The task:
Print nothing except the lines of the listing below from the line with "Wykres z pomiarów" to the line with "大家好,综合小编来为大家讲解下。*** 次数:9999999 已用完请联系开发者***", each exactly as written, both ends included.

Available records:
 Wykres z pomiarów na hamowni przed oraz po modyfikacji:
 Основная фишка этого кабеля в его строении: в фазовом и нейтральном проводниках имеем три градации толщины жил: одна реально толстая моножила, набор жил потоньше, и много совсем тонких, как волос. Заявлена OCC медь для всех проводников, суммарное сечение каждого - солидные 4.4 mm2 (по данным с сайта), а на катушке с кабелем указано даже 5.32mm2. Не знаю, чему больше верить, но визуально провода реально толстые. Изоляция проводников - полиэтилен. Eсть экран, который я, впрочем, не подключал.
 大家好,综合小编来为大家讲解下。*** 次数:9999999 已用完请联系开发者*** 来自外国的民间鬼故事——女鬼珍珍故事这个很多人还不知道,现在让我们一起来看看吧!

--

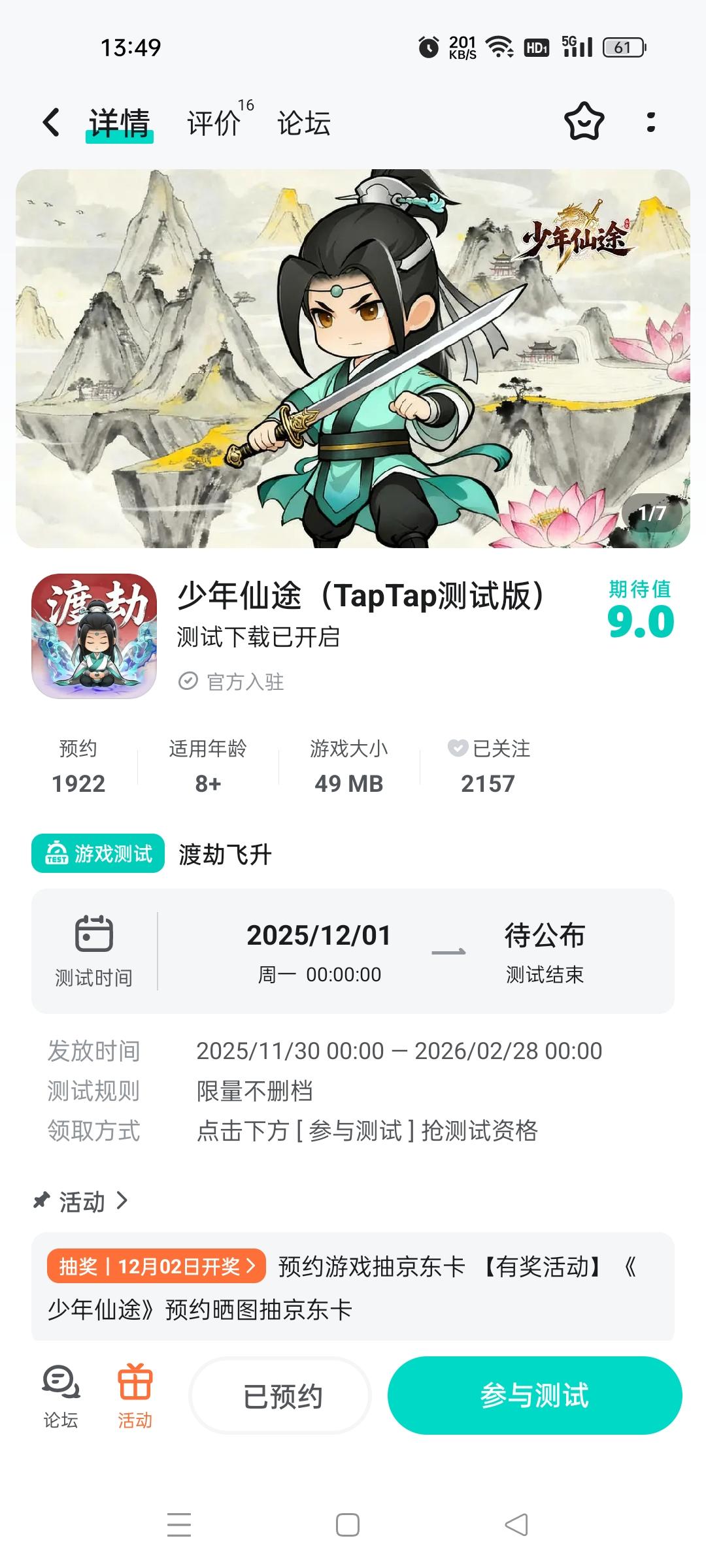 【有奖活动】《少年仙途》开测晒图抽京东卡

---

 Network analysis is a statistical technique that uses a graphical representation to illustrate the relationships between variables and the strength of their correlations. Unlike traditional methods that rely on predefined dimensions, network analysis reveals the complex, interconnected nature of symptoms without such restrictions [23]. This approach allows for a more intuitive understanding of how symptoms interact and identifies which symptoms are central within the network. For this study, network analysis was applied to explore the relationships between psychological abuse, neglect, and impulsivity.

Answer box:
 Wykres z pomiarów na hamowni przed oraz po modyfikacji:
 Основная фишка этого кабеля в его строении: в фазовом и нейтральном проводниках имеем три градации толщины жил: одна реально толстая моножила, набор жил потоньше, и много совсем тонких, как волос. Заявлена OCC медь для всех проводников, суммарное сечение каждого - солидные 4.4 mm2 (по данным с сайта), а на катушке с кабелем указано даже 5.32mm2. Не знаю, чему больше верить, но визуально провода реально толстые. Изоляция проводников - полиэтилен. Eсть экран, который я, впрочем, не подключал.
 大家好,综合小编来为大家讲解下。*** 次数:9999999 已用完请联系开发者*** 来自外国的民间鬼故事——女鬼珍珍故事这个很多人还不知道,现在让我们一起来看看吧!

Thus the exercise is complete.